WHEATON, Ill. -- Wheaton College was delighted to have assistant professor Joshua Hochschild teach students about medieval philosopher Thomas Aquinas, one of Roman Catholicism's foremost thinkers.
But when the popular teacher converted to Catholicism, the prestigious evangelical college reacted differently. It fired him.
Wheaton, like many evangelical colleges, requires full-time faculty members to be Protestants and sign a statement of belief in "biblical doctrine that is consonant with evangelical Christianity." In a letter notifying Mr. Hochschild of the college's decision, Wheaton's president said his "personal desire" to retain "a gifted brother in Christ" was outweighed by his duty to employ "faculty who embody the institution's evangelical Protestant convictions."
Mr. Hochschild, 33 years old, who was considered by his department a shoo-in for tenure, says he's still willing to sign the Wheaton faith statement.
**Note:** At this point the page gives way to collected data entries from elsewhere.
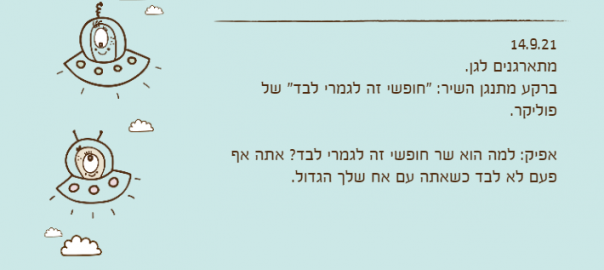 ברקע מתנגן השיר: "חופשי זה לגמרי לבד" של פוליקר.
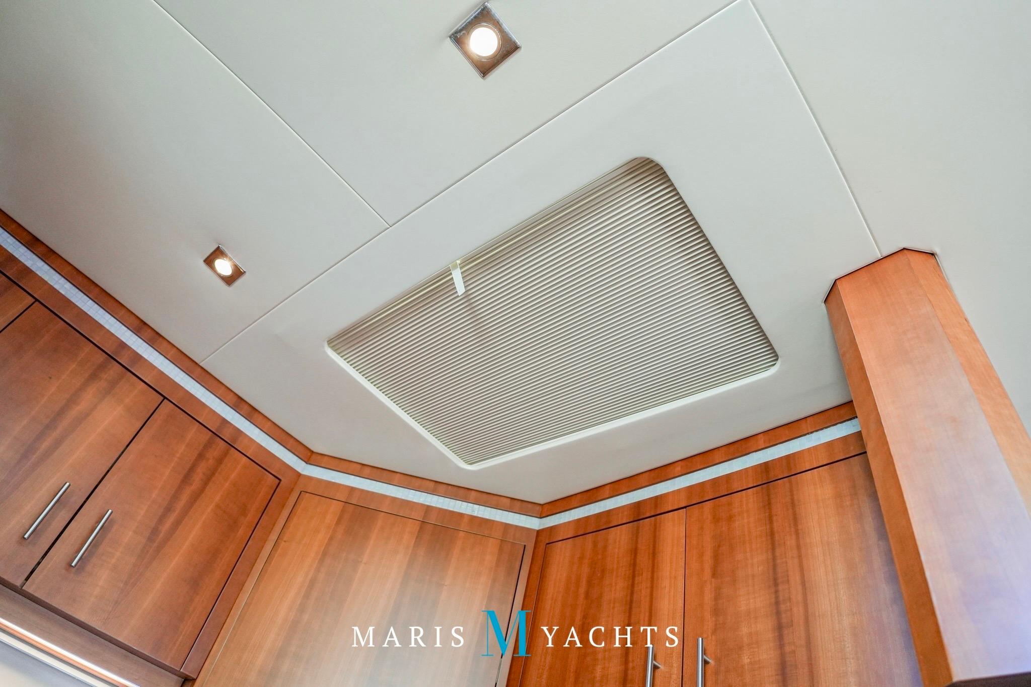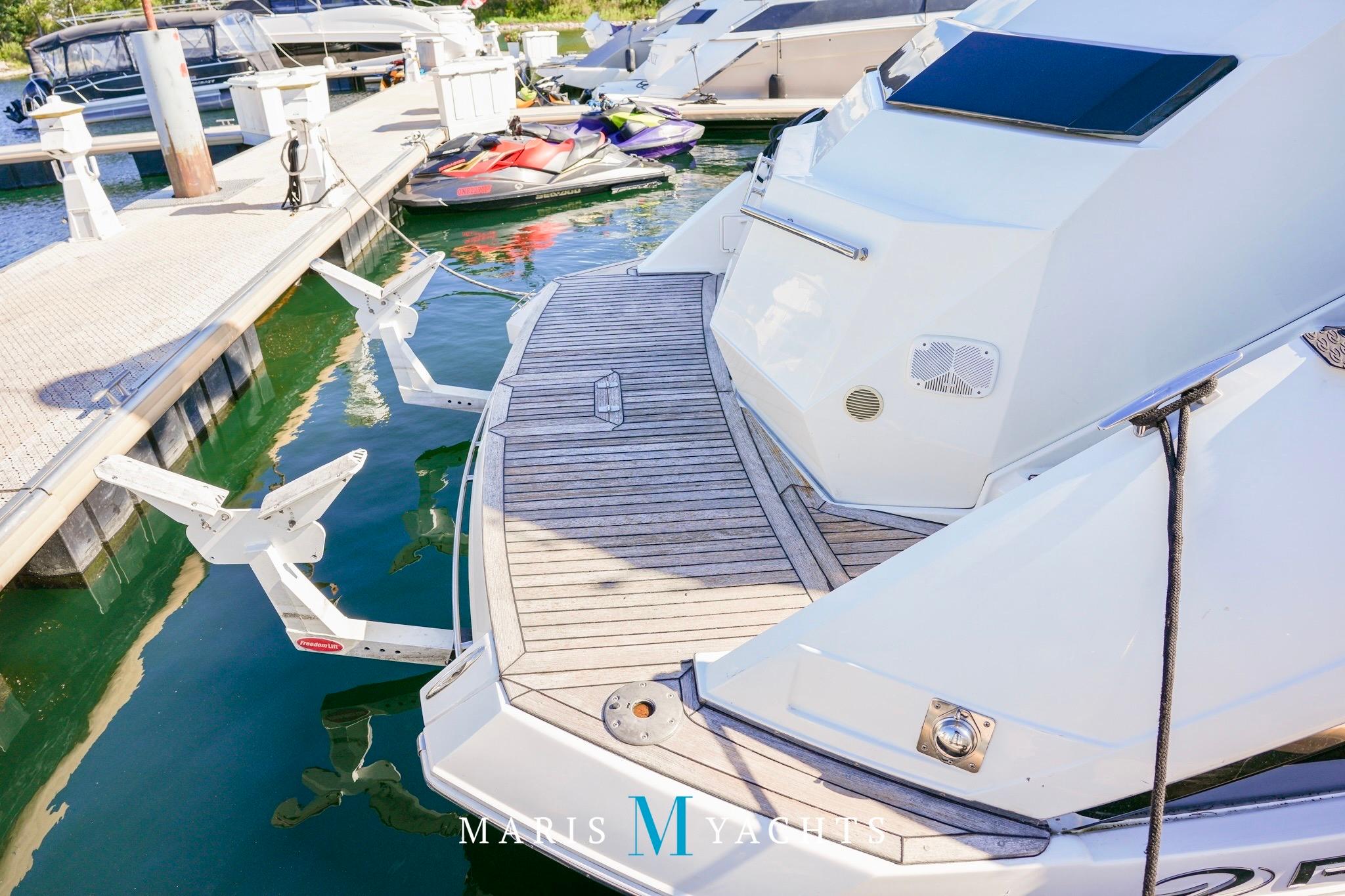 Boarding is effortless from the extended teak swim platform, which is wide, stable, and perfect for lounging or launching water toys. Beneath the platform lies a hydraulic Freedom Lift system, capable of carrying a personal watercraft or tender — operated by the touch of a button.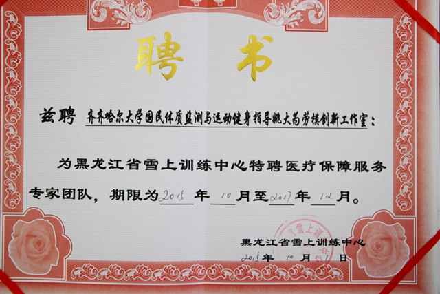 為備戰(zhàn)2018年平昌冬季奧運(yùn)會(huì),“齊齊哈爾大學(xué)國民體質(zhì)監(jiān)測與運(yùn)動(dòng)健身指導(dǎo)姚大為勞模創(chuàng)新工作室”被黑龍江省雪上訓(xùn)練中心特聘為醫(yī)療保障服務(wù)專家團(tuán)隊(duì),期限為2015年10月至2017年12月。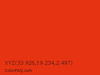 XYZ 33.926,19.234,2.497 Color is a normal red color and the nearest color is Vermilion #d9381e. Hex code #e63312 and RGB value is rgb(230,51,18). In RGB color space, this color is composed of 90% red, 20% green, 7% blue, In CMYK color space, this color is composed of 0% cyan, 78% magenta, 92% yellow , 10% black , In HSL color space, this color has a hue angle of 9° , 85% saturation and 49% lightness.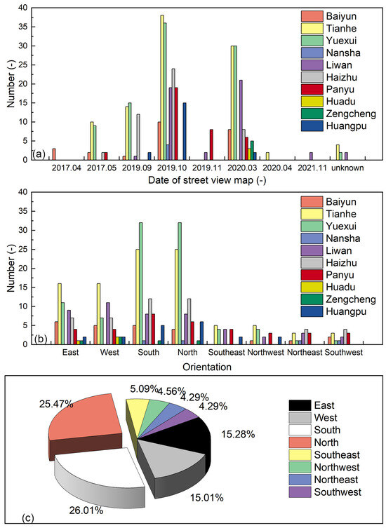 The statistics of shooting date and orientation of bus shelters, (a) shooting date of Street View map, (b) orientations of bus shelters in different districts, (c) proportion of bus shelter orientations of Guangzhou.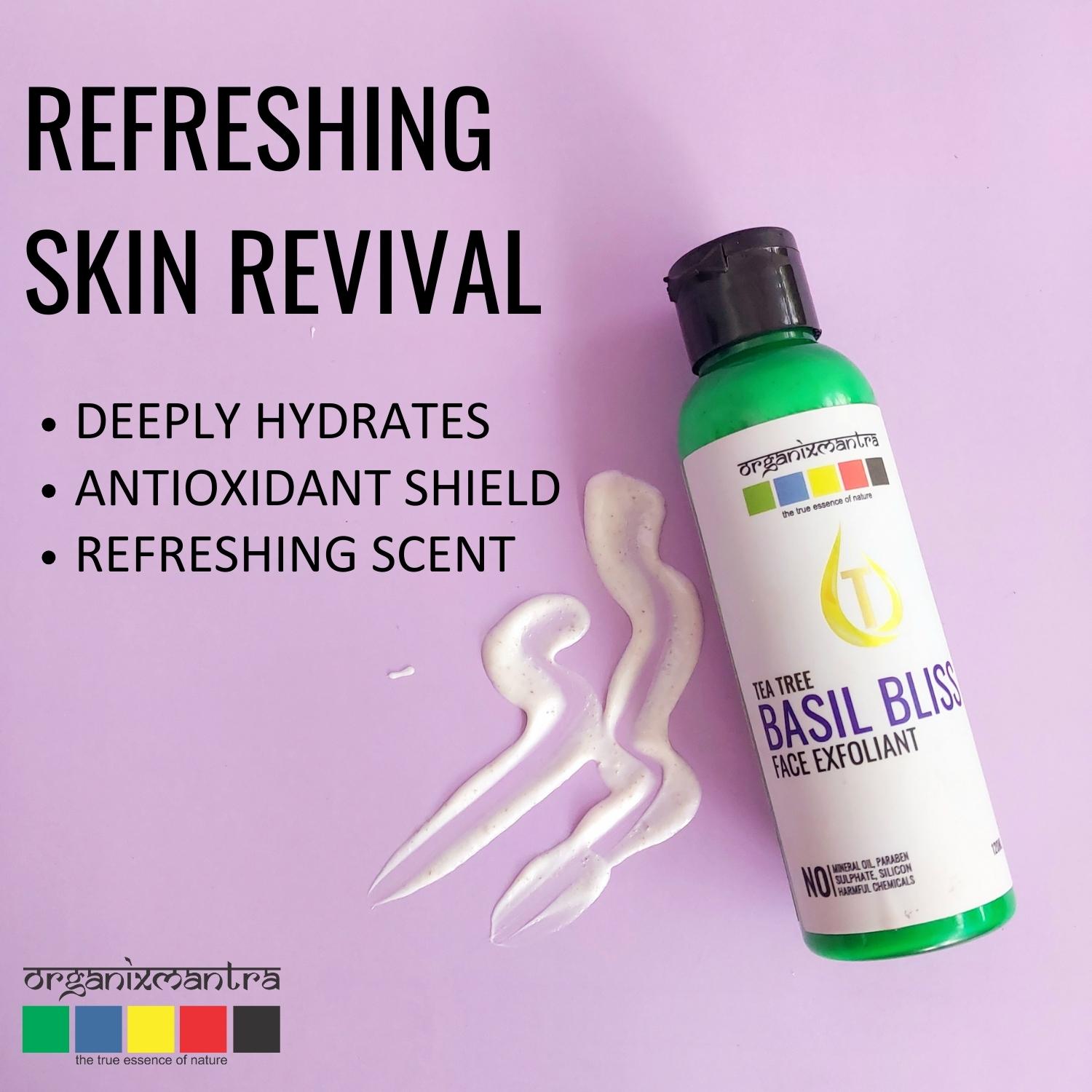 Tea Tree Basil Bliss Face Exfoliator: Combines hydration with gentle exfoliation to reveal your skin’s natural glow and smooth texture.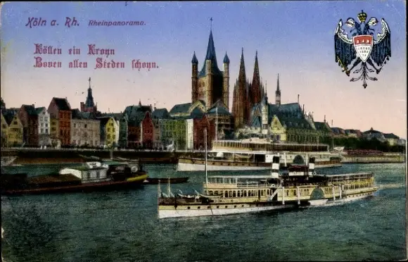 Ak Köln am Rhein, Rheinpanorama, Dampfer, Dom, Wappen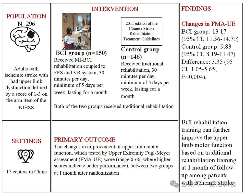 首都醫科大學附屬北京天壇醫院孟霞團隊領導了一項腦機接口臨床試驗,旨在探索腦機接口在缺血性腦卒中患者的上肢運動功能康復訓練中的有效性和安全性。該研究於2024年4月19日發表於Cell子刊Med上,該臨床研究顯示,腦機接口康復訓練可以在傳統康復訓練的基礎上進一步改善缺血性腦卒中患者的上肢運動功能。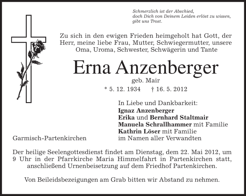 Hier finden Sie alle Traueranzeigen aus der Zeitung, die bisher für Erna Anzenberger erschienen sind. Weitere Traueranzeigen, die in der Zeitung erscheinen, werden hier ebenfalls aufgelistet

He left last spring, taking a 10% pay cut and roiling his family life, to move to a less-renowned Catholic college.
Mr. Hochschild's dismissal captures tensions coursing through many of America's religious colleges. At these institutions, which are mostly Protestant or Catholic, decisions about hiring and retaining faculty members are coming into conflict with a resurgence of religious identity.